Altered hippocampal-prefrontal neural dynamics in mouse models of Down syndrome.
journal contributionposted on 31.01.2020 by Pishan Chang, Daniel Bush, Stephanie Schorge, Mark Good, Tara Canonica, Nathanael Shing, Suzanna Noy, Frances K Wiseman, Neil Burgess, Victor LJ Tybulewicz, Matthew C Walker, Elizabeth MC Fisher
Any type of content formally published in an academic journal, usually following a peer-review process.

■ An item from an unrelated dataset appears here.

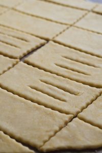 Cesto rozvaľkajte na tenký plát (3mm) a radieľkom alebo nožom nakrájame obdĺžniky. V strede každého obdĺžnika urobíme dva malé rezy.

Altered neural dynamics in the medial prefrontal cortex (mPFC) and hippocampus may contribute to cognitive impairments in the complex chromosomal disorder Down syndrome (DS). Here, we demonstrate non-overlapping behavioral differences associated with distinct abnormalities in hippocampal and mPFC electrophysiology during a canonical spatial working memory task in three partially trisomic mouse models of DS (Dp1Tyb, Dp10Yey, and Dp17Yey) that together cover all regions of homology with human chromosome 21 (Hsa21). Dp1Tyb mice show slower decision-making (unrelated to the gene dose of DYRK1A, which has been implicated in DS cognitive dysfunction) and altered theta dynamics (reduced frequency, increased hippocampal-mPFC coherence, and increased modulation of hippocampal high gamma); Dp10Yey mice show impaired alternation performance and reduced theta modulation of hippocampal low gamma; and Dp17Yey mice are not significantly different from the wild type. These results link specific hippocampal and mPFC circuit dysfunctions to cognitive deficits in DS models and, importantly, map them to discrete regions of Hsa21.